**Task objective**
Search the listing below for the line containing "Mexico 66™ SD". From there through the line containing "깔때기가 없으면, 500ml PET병을 잘라서 임시 깔때기로 활용할 수 있어요.", transcribe every line exactly, both ends included.

**Provided information**

++++

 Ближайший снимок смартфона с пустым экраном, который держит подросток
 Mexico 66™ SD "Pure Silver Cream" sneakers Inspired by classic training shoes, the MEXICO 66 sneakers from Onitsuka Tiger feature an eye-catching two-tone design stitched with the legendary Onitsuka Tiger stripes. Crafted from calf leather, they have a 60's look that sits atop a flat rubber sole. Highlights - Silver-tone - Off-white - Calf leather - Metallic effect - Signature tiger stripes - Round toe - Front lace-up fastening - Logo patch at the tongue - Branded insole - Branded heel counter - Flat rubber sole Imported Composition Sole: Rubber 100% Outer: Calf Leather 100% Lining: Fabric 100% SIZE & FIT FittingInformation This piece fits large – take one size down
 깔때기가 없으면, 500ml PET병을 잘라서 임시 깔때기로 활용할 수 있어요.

++++

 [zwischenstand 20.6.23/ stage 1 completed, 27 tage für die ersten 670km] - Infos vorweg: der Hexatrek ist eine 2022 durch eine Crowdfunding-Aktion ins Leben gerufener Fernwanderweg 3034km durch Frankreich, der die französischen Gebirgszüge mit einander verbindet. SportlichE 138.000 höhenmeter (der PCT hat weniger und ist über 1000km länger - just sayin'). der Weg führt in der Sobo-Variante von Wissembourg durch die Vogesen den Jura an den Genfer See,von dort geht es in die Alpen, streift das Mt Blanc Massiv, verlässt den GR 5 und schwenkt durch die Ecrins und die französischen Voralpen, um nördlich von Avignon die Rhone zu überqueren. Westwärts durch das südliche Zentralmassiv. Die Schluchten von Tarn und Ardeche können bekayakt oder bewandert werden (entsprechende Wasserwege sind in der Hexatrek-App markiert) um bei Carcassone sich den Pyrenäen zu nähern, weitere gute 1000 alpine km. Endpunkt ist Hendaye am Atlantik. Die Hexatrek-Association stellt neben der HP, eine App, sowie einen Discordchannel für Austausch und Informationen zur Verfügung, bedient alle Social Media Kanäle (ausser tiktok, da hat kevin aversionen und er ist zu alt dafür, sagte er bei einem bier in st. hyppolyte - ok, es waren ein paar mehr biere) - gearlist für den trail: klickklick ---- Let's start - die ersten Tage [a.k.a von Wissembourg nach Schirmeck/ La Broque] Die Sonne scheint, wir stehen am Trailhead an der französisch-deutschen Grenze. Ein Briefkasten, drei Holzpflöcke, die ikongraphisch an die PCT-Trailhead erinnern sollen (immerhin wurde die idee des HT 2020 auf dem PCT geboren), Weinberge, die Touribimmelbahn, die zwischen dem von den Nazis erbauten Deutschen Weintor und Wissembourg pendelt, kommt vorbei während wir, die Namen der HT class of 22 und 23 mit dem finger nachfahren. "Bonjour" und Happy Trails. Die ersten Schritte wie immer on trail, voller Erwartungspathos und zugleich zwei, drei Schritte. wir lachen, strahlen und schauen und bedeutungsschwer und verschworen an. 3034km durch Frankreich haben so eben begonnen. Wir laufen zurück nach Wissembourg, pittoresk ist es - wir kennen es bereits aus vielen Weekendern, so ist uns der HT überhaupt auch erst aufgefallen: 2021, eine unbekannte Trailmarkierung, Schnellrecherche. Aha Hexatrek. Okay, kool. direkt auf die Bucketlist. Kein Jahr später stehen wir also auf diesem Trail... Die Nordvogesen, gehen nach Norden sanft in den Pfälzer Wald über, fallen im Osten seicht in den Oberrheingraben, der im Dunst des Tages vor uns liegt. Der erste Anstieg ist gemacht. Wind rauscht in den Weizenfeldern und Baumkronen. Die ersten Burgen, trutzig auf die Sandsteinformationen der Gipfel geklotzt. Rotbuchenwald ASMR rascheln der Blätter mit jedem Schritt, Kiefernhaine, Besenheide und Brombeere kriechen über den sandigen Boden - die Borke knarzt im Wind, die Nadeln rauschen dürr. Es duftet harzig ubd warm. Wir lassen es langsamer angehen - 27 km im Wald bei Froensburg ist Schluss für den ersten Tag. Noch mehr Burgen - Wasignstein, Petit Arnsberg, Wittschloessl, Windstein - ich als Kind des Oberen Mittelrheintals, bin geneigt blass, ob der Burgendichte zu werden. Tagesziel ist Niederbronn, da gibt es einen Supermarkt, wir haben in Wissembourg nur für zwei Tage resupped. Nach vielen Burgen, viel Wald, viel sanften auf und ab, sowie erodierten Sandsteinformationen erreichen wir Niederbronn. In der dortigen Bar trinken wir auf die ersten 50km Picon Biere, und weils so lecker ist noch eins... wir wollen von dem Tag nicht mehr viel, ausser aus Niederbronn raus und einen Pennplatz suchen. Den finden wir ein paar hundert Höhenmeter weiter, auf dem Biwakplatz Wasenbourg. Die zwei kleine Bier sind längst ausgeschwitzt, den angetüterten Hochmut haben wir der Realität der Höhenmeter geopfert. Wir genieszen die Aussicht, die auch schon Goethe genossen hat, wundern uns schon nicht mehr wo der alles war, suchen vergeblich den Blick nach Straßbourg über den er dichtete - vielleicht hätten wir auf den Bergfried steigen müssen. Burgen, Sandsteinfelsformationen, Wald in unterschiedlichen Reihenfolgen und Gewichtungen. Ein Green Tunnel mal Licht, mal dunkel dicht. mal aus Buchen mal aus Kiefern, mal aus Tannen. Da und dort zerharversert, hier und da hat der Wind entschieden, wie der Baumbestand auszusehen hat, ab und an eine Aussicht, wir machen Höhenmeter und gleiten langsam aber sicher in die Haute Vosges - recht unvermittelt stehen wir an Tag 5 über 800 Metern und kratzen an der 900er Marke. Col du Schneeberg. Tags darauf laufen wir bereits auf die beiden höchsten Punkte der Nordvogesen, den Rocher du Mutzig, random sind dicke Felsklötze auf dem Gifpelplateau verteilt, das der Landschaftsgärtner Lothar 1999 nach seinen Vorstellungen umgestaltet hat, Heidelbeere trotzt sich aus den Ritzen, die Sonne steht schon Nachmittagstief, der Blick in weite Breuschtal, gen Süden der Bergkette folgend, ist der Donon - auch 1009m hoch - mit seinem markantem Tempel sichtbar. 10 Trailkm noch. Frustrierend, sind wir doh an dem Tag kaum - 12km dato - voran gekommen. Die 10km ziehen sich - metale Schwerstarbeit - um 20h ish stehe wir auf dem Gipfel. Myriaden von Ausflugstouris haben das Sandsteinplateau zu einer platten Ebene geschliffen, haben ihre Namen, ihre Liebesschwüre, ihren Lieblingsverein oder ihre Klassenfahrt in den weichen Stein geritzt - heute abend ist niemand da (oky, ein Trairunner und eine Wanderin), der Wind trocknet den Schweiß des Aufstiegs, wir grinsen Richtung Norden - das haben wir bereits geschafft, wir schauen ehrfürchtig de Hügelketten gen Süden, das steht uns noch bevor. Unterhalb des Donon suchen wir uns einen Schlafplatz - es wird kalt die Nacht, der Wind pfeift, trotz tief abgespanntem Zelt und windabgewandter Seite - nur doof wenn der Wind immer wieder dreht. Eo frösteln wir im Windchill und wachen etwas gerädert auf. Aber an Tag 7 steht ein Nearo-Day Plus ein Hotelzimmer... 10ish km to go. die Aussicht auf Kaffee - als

++++

**Solution to the exercise**
 Mexico 66™ SD "Pure Silver Cream" sneakers Inspired by classic training shoes, the MEXICO 66 sneakers from Onitsuka Tiger feature an eye-catching two-tone design stitched with the legendary Onitsuka Tiger stripes. Crafted from calf leather, they have a 60's look that sits atop a flat rubber sole. Highlights - Silver-tone - Off-white - Calf leather - Metallic effect - Signature tiger stripes - Round toe - Front lace-up fastening - Logo patch at the tongue - Branded insole - Branded heel counter - Flat rubber sole Imported Composition Sole: Rubber 100% Outer: Calf Leather 100% Lining: Fabric 100% SIZE & FIT FittingInformation This piece fits large – take one size down
 깔때기가 없으면, 500ml PET병을 잘라서 임시 깔때기로 활용할 수 있어요.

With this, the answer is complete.